Android app stores. The justification for prohibition varies. Steve Jobs once told a user that 
Apple does “believe we have a moral responsibility to keep porn off the iPhone,” though some 
speculate these policies are intended to avoid liability and the optics of taking a commission 
from sex work. The result doubtlessly harms individual sex workers—as I’ve mentioned often 
throughout this book, applications strongly outperform browser-based experiences in terms of 
usage and monetization—though pomography, as a category, still thrives. Videos and photos 
work well enough from a mobile web browser, and by and large, consumers are not deterred by 
the need to use them. 

But as we’ve seen, richly rendered VR and AR experiences are essentially impossible via 
mobile web browsers.
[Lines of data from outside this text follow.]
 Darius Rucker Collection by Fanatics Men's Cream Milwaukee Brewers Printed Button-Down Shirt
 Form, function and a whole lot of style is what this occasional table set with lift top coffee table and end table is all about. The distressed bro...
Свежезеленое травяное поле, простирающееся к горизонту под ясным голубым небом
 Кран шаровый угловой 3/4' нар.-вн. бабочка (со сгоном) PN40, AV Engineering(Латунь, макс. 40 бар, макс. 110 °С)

Accordingly, the policies of Apple, Amazon, Google, PlayStation, and 
others effectively block the entire category’s advancement. Some might see this as a good thing; 
others could argue it deprives sex workers of higher incomes and greater safety. 


Fashion and Advertising 


For the past 60 years, virtual worlds have been largely ignored by advertisers and fashion houses. 
Today, less than 5% of video gaming revenue comes from advertising. In contrast, most major 
media categories, such as TV, audio (inclusive of music, talk radio, podcasts, and so on), and 
news generate 50% or more of their revenues from advertisers, rather than audiences. And 
although hundreds of millions entertain themselves in the virtual worlds each year, 2021 was the 
first time that brands such as Adidas, Moncler, Balenciaga, Gucci, and Prada saw these spaces as 
deserving of any real attention. This will need to change. 
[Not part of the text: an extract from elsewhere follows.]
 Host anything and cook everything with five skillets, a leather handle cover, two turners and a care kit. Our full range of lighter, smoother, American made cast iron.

Advertising in virtual spaces is difficult for a few reasons. First, the gaming industry was 
“offline” for the first several decades and each title took years to produce. As a result, there was 
no way to update a game’s in-game advertising, meaning any placed ads could quickly become 
out of date. This is also why books typically lack ads, save for those promoting the author’s other 
works, even though newspapers and magazines historically relied upon them. Ford won’t pay 
much for an ad that, for most readers, is touting the “specs” of an old car (Ford would probably 
consider such impressions harmful). Technical limitations of this kind no longer exist for video 
games, as they can now be updated over the internet, but the cultural consequences endure. With 
the exception of casual mobile games like Candy Crush, the gaming community is largely 
unfamiliar with and highly resistant to in-game advertising. Even though few consumers of 
television, print magazines and newspapers, and radio enjoy the ads that often litter these 
mediums, ads have always been part of the experience. 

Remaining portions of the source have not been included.